Windfall Taxes on Banks Are a Necessity. They’re Profiting off Government and Won’t Fund Enterprises. It Must Stop

By Billy Mijungu

In an economy grappling with countless challenges, where ordinary Kenyans are struggling to stay afloat, one sector seems completely untouched by the prevailing hardship: the banking industry.

At a time when businesses are closing shop, unemployment is on the rise, and the cost of living is becoming unbearable, banks are reporting record profits with an almost surreal detachment from the realities faced by the rest of the country.

Let us take a look at the recently released full-year 2024 profit results for some of Kenya’s top banks.

KCB posted a 65 percent jump in profit after tax to Sh62 billion. Equity Bank registered a 12 percent increase to Sh49 billion.

Co-operative Bank’s profits rose by 10 percent to Sh25.5 billion. Standard Chartered reported a 45 percent surge to Sh20 billion.

NCBA earned Sh22 billion, a 2 percent rise.

Absa’s profits went up 28 percent to Sh21 billion.

Stanbic recorded a 13 percent increase to Sh13.7 billion. I&M Bank rose by 22 percent to Sh15.4 billion. DTB was up 13 percent to Sh7.6 billion.

HF Group jumped 35 percent to Sh524 million, and Sidian Bank made a remarkable turnaround with a Sh287 million profit after a loss of Sh448 million in 2023.

These figures paint a clear picture. While the economy is failing, banks are flying.

At the same time, major shareholders and executives are taking home staggering dividends.

The Ndegwa family received Sh1.35 billion from NCBA Group while the Kenyatta family took home Sh1.2 billion.

Equity Bank CEO James Mwangi earned Sh543 million. Co-operative Bank CEO Gideon Muriuki pocketed Sh146 million.

These numbers reveal just how lopsided the current system is, where a few individuals continue to benefit immensely while the majority of Kenyans face increasing economic pressure.

More reason why Windfall taxes are a necessity, such taxes can directly fund Private Enterprises.

The mechanism behind these profits is even more alarming. The average Kenyan deposits their money into a bank.

That same bank then lends the money to the government, which in turn charges taxes to that same Kenyan.

The taxes are used to pay back the banks, with interest.

Essentially, Kenyans are not only providing the banks with capital, but they are also funding the profits through the taxes they pay.

It is a closed loop where the citizen is used as both lender and payer.

Meanwhile, the Central Bank Rate was recently reduced from 10.75 percent to 10 percent, a move intended to encourage banks to lend more to the public and stimulate economic activity.

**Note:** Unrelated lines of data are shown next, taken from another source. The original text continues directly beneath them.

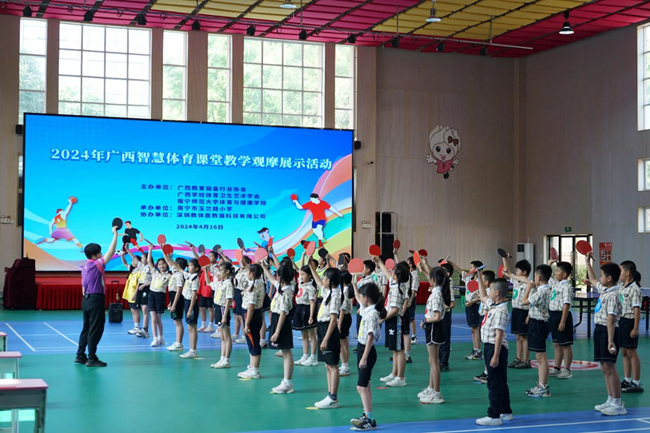 由廣西教育裝備行業(yè)協(xié)會、廣西學(xué)校體育衛(wèi)生藝術(shù)學(xué)會、南寧師范大學(xué)體育與健康學(xué)院主辦,玉蘭路小學(xué)承辦,深圳教體醫(yī)科技公司協(xié)辦的2024年廣西智慧體育課堂教學(xué)觀摩展示活動于4月16日南寧市玉蘭路小學(xué)成功舉行。此次活動有來自全區(qū)各地中小學(xué)校長和體育教師共300余人現(xiàn)場參會,這不僅是一場體育教學(xué)的盛宴,更是一次數(shù)字化轉(zhuǎn)型教育在新時代體育領(lǐng)域的生動實踐。讓我們來看看本次活動的報道。
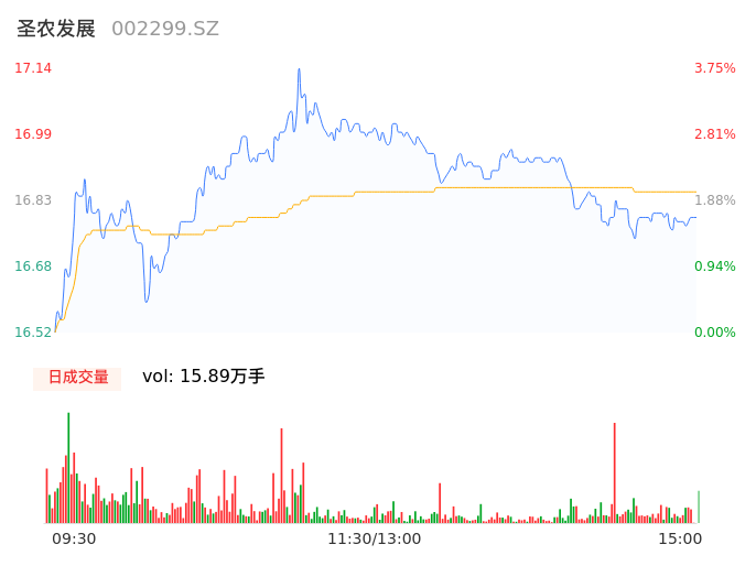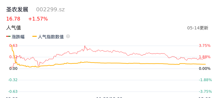 05月14日,圣农发展收报16.78,股价涨幅1.57%,成交金额2.68亿元,换手率1.30%。
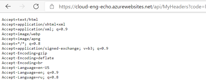 For the demo, I’m going to use this super simple Azure Function that replies to your GET request with a list of headers supplied.
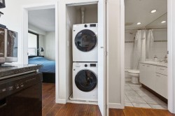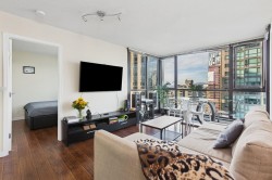 Desirable Unit in convenient location, with an affordable price offers Open city and partial harbor view, east facing two bedrooms and a solarium, two full bathrooms plus in suite storage. Efficient floor plan provides pleasant living area with an open kitchen concept, floor to ceiling windows, fair size bedrooms and large solarium for an office/ multipurpose room, a new laundry. Enjoy the in-suite storage/walking closet as well as the storage locker below, well equipped GYM, spacious and bright party room with pool tables, two guest suites, 24 concierge, in the popular high quality built "The Lions" in this coinvent location of Downtown, close to public transit, restaurant& Stanley park, all make living the unit enjoyable. Tenant, schedule a viewing with advance notice.
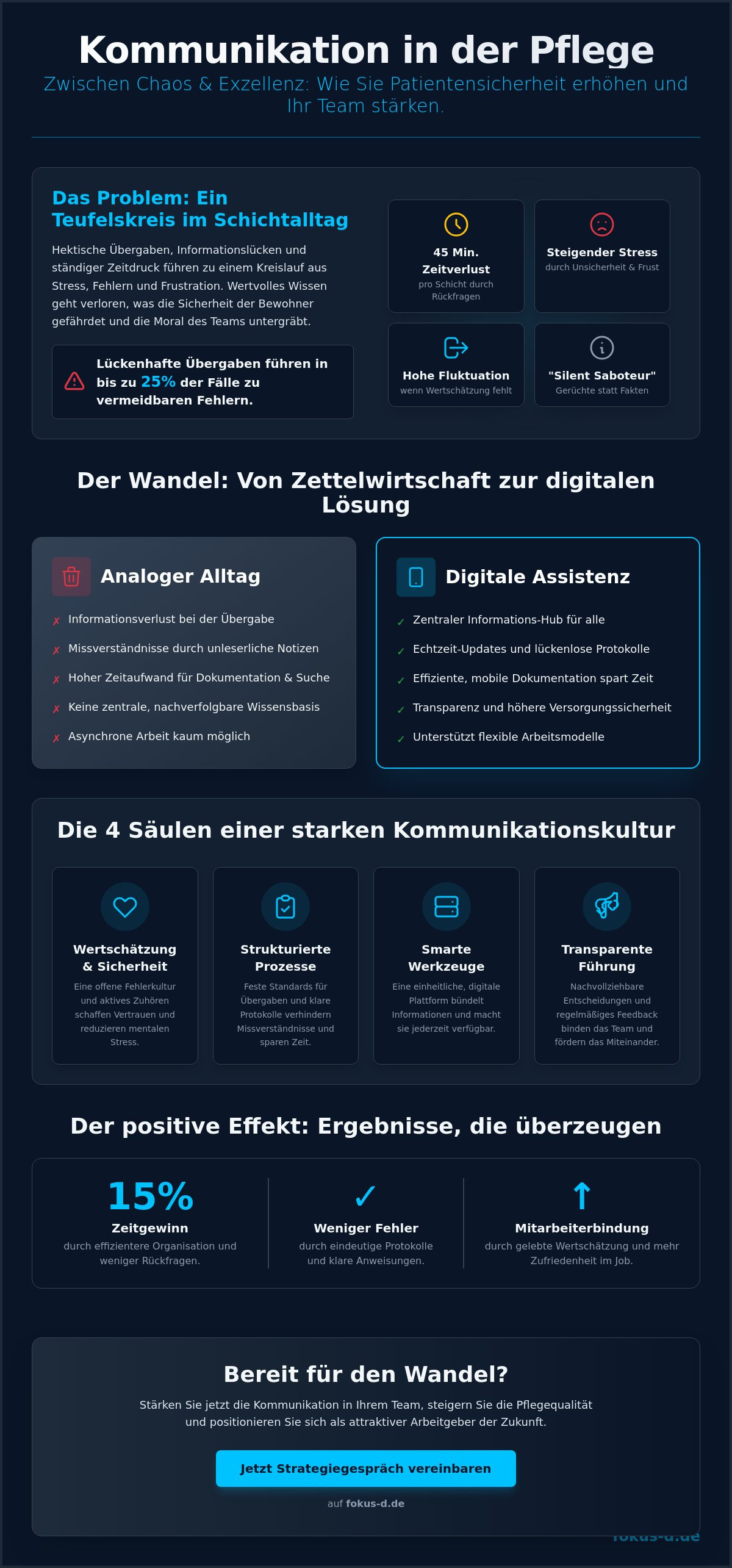 - Nutzen Sie unsere Schritt-für-Schritt-Anleitung, um bestehende Kommunikationsbarrieren in Ihrer Einrichtung zu identifizieren und feste Standards für einen reibungslosen Informationsfluss zu etablieren.
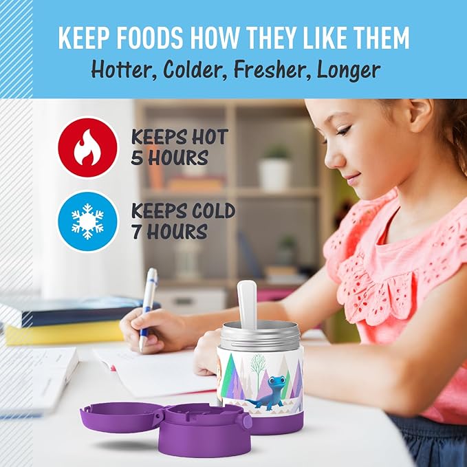 - Stays hot or cold: THERMOS vacuum insulation technology keeps contents hot up to 5 hours and cold up to 7 hours. Our insulated lunch containers are perfect to toss into your kids’ lunch box to send them with their favorite soup or cold snack.
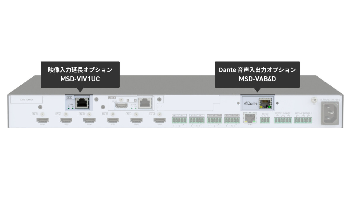 With six (6) HDMI/DVI video inputs, this MSD-V6 can accept a wide variety of video formats, including HDCP content. Input video signals are output as HDMI signals at up to 4K@60, and these signals can be output simultaneously to optional 10GbE CAT(SDVoE)/10GbE FIBER(SDVoE)/HDBaseT for video extension.
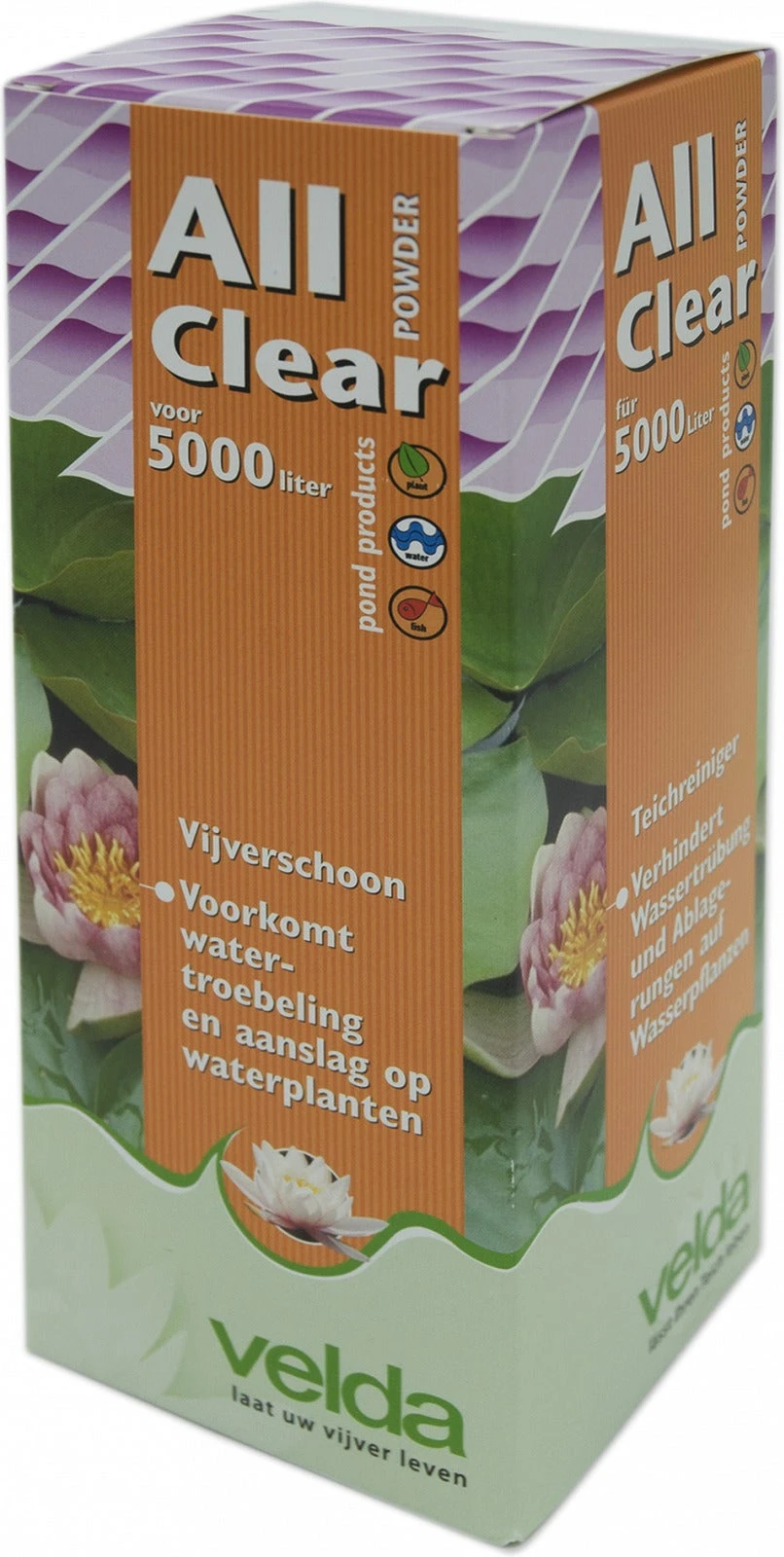 All Clear poeder van Velda bindt fosfaat in de vijver en neemt zo een belangrijke voedingsbron weg. Het is een natuurlijk middel dat preventief werkt, watertroebeling en aanslag op waterplanten wordt voorkomen.

But this reduction has proven largely symbolic.

Banks are still far more interested in lending to the government than to ordinary Kenyans or small businesses.

And who can blame them when government debt remains the most profitable and secure form of lending available?

This situation is deeply problematic. Kenya’s domestic debt has reached approximately Sh5.8 trillion.

As long as the government continues to borrow heavily from local banks, there is little incentive for these financial institutions to support the real economy.

Entrepreneurs and small business owners who desperately need credit to grow and create jobs are shut out.

Banks are choosing the easy, guaranteed returns of government lending over the more transformative but riskier investment in local enterprises.

The rise of money market funds further illustrates the imbalance.

These funds are now being fed by debt instruments that banks use to finance the government.

This means more and more of our financial system is geared toward sustaining government borrowing, not economic growth.

This is not sustainable.

It is time to introduce windfall taxes on banks that are posting outsized profits at the expense of the public.

If these profits are coming from public debt funded by our taxes, then the public deserves a share of that return through taxation and redistribution.

But beyond taxes, we must make the bold and necessary decision to end domestic borrowing altogether.

It is the only way to force banks to turn their attention to the real economy.

Only then will they begin to finance the ideas, innovations, and enterprises that can lift this country.

We must break this cycle.

The status quo serves a few and dooms the many.

We must make the impossible possible, or we will slowly perish as a nation. Banks, Micro-lenders are growing as the face of cartel in Kenya and if left unchecked.

Hey will be the most powerful weapon of control, they are already in 1 foot, two feet and Kenyans are done

It’s time Government relooks at how it borrows locally.

I dare say it’s important that Government gets and external buyer for the KES 5.8 trillion and leave banks awash with Money, they will be forced to hawk it Kenyans.